Principle:Ollama Ollama KVCache Causal Attention
| Knowledge Sources | |
|---|---|
| Domains | KV Cache, Attention |
| Last Updated | 2025-02-15 00:00 GMT |
Overview
Causal KV Cache is the key-value caching strategy used in autoregressive (causal) transformer models, where each token can only attend to itself and all preceding tokens. The cache stores previously computed key and value projections so they do not need to be recomputed at each generation step, and employs techniques such as ring-buffer management and defragmentation to maintain efficient memory utilization.
Core Concepts
Causal Attention Masking
In autoregressive language models, the attention mechanism is constrained by a causal mask: token at position i can only attend to tokens at positions 0 through i. This lower-triangular masking ensures that the model cannot "look ahead" at future tokens during generation. The KV cache exploits this property: once a token's key and value projections are computed and stored, they remain valid for all subsequent tokens because the causal constraint guarantees they will never be modified by future context.
Incremental Cache Growth
During the prefill (prompt processing) phase, all prompt tokens are processed in parallel and their key-value projections are stored in the cache simultaneously.
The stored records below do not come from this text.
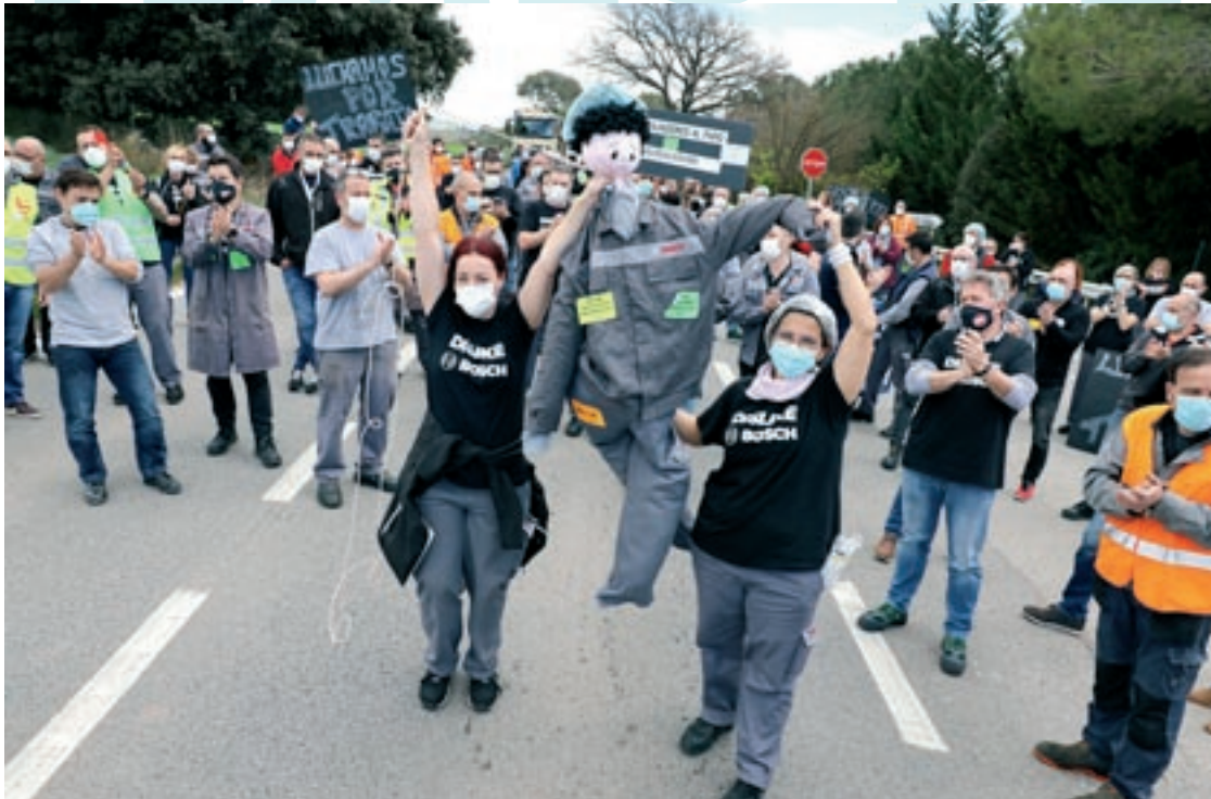
Una de les mobilitzacions de la plantilla de Bosch en plena negociació sobre les condicions per als 340 acomiadaments
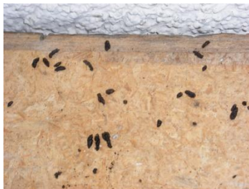
Kotspuren zeigen ein Quartier an

Wer Fledermäuse am Schlafplatz suchen möchte findet sie höchst selten. Ganz wenige Fledermäuse hängen frei sichtbar im Estrich. Viele verkriechen sich zwischen Wand und Verkleidung, im Rolladenkasten, hinter Fensterläden, etc. Sie sind dann praktisch unsichtbar.
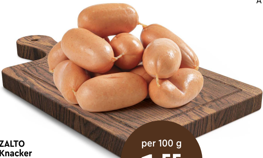
ZALTO Knacker in Bedienung

Angebote gültig ab Donnerstag, 25.04. bis Donnerstag, 02.05.2024
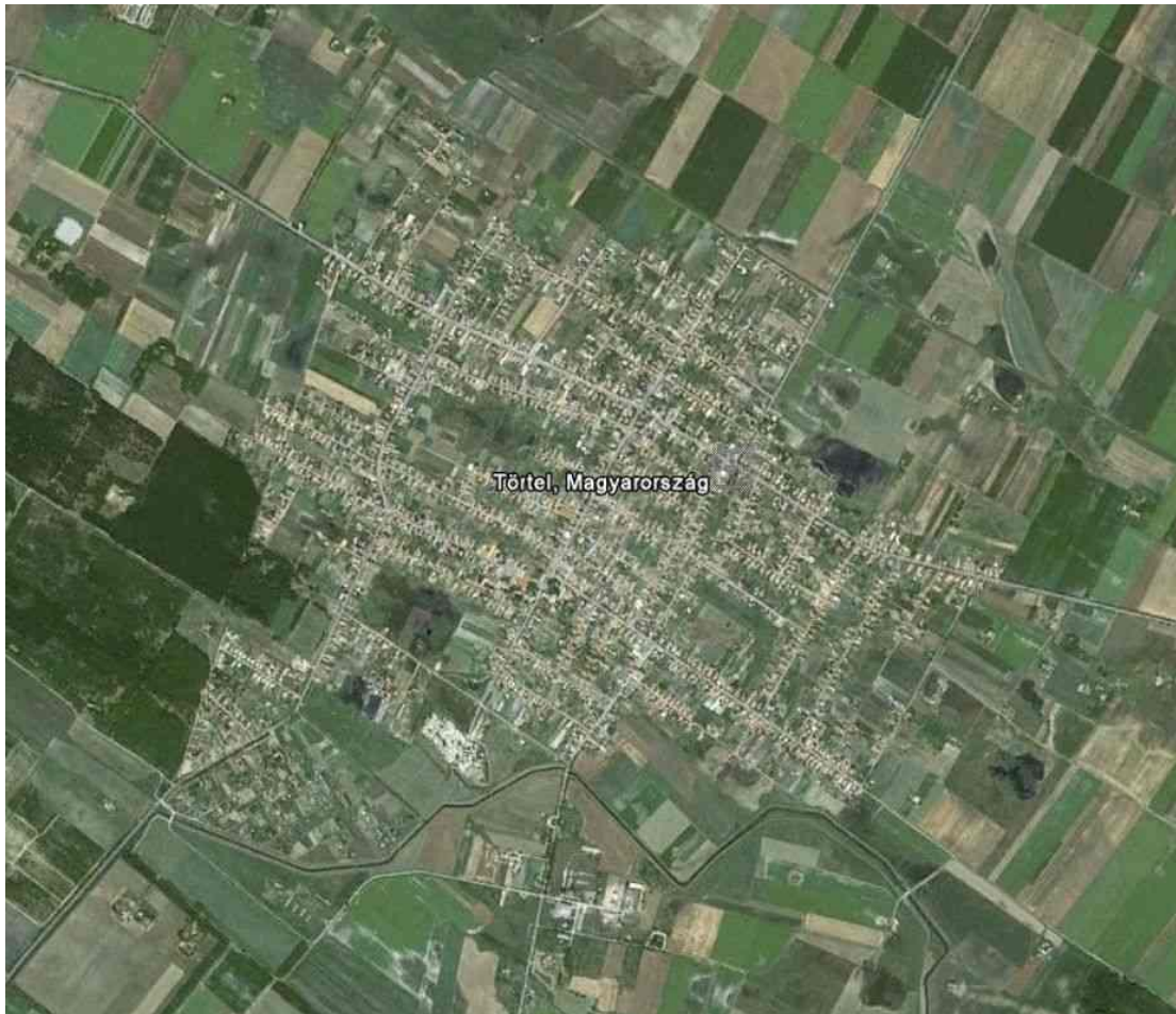
Törtel község jelenlegi szerkezete
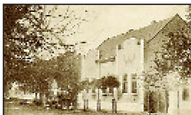
Satul Otelec în anul 1918
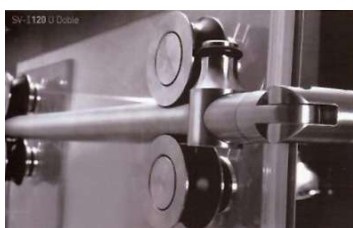
SV-I120 U Doble

Se trata de un mecanismo de divisiones y puertas de vidrio, con un rodamiento de acero inoxidable, para puertas correderas de cristal, dobles y simples, de hasta 120 kg de peso, para vidrios de entre 8 y 10 mm, especialmente indicado para puertas de paso e instalaciones de duchas en baños.
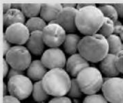
Οι διανομές θα γίνουν ως εξής:

Θα διανεμηθούν επίσης φρούτα και στα διάφορα ιδρύματα που βρίσκονται στο Δήμο.
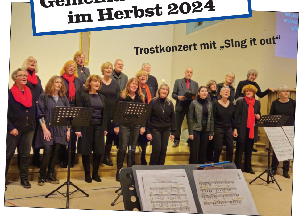
Trostkonzert mit „Sing it out“

During the decode (generation) phase, each new token produces one additional key-value pair per layer per attention head, which is appended to the cache. The cache thus grows linearly with sequence length. For a model with L layers, H attention heads, and head dimension d, each token adds 2 * L * H * d values to the cache (one key and one value per layer per head).
Ring-Buffer Management
When the cache reaches its maximum allocated capacity (determined by the model's maximum context length or available memory), a ring-buffer strategy can be employed: new key-value pairs overwrite the oldest entries in a circular fashion. This maintains a fixed memory footprint while preserving the most recent context. However, naive ring-buffer overwriting can break attention continuity. Attention sink techniques address this by preserving the first few tokens (which accumulate disproportionate attention mass) while rotating through the remainder of the buffer.
Cache Defragmentation
As sequences are created and completed in a multi-tenant serving environment, the cache memory becomes fragmented: gaps appear between active sequences' cache regions. Defragmentation compacts active cache entries into contiguous memory, reclaiming gaps for new sequences. This is analogous to memory compaction in operating systems. Defragmentation can be performed by physically copying cache tensors to new positions or by maintaining an indirection table that maps logical positions to physical memory locations (paged attention).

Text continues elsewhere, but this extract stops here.